Personal information
- Born: 1 April 1942 (age 84) Karachi, British India
- Batting: Right-handed

Domestic team information
- 1959-60: Pakistan Universities
- 1959-60 to 1960-61: Karachi University
- 1961-62 to 1970-71: Karachi
- 1963 to 1964: Oxford University
- 1971-72: Public Works Department

Career statistics
| Competition | First-class |
| Matches | 61 |
| Runs scored | 2186 |
| Batting average | 26.65 |
| 100s/50s | 4/8 |
| Top score | 148 |
| Balls bowled | 114 |
| Wickets | 0 |
| Bowling average | – |
| 5 wickets in innings | – |
| 10 wickets in match | – |
| Best bowling | – |
| Catches/stumpings | 30/– |
- Source: Cricket Archive, 13 May 2014

= Asif Ahmed (Pakistani cricketer) =

Pakistani cricketer

Asif Ahmed (born 1 April 1942) is a Pakistani former cricketer who played first-class cricket from 1960 to 1972.

==Career==
A right-handed batsman, Ahmed made a century on his first-class debut at the age of 17, scoring 148 for Pakistan Universities against East Pakistan in the Quaid-e-Azam Trophy in 1959-60.

In 1961-62, in the final of the Quaid-e-Azam Trophy, he scored 75 runs for the Karachi Blues team that defeated Combined Services. He was selected to play for a Combined XI against the touring MCC team a few weeks later, and made 58, the top score on either side in a match ruined by rain. Then in the final of the Ayub Trophy, he scored 115 in Karachi's victory over North Zone. In that season he made 613 runs in 10 matches at an average of 51.08.

Ahmed was selected to tour England in 1962 with the Pakistan team. However, he played only nine of the 29 first-class matches and sometimes "went weeks on end without playing" and finished with only 155 runs at 11.92, with a highest score of 43 against Essex.

He studied at Oxford University after the tour and appeared for the university side irregularly in 1963 and 1964. He played 18 matches for Oxford, scoring 456 runs at 16.88, with a top score of 54 (retired hurt) against Pakistan Eaglets in 1963.

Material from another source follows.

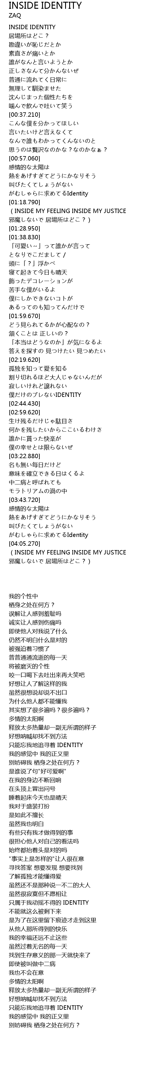 | [03:59.030] | がむしゃらに求めてるIdentity |

In his first match after returning to Pakistan, in November 1967, Ahmed opened the batting for Karachi Blues against Lahore Greens in the long-delayed final of the 1965-66 Ayub Trophy and made 114 in a ten-wicket victory. Later that month, in the final of the 1966-67 Quaid-e-Azam Trophy, he again opened the batting for Karachi and made 109 to help them to victory over Railways. He continued to play first-class cricket, with moderate success, until 1972.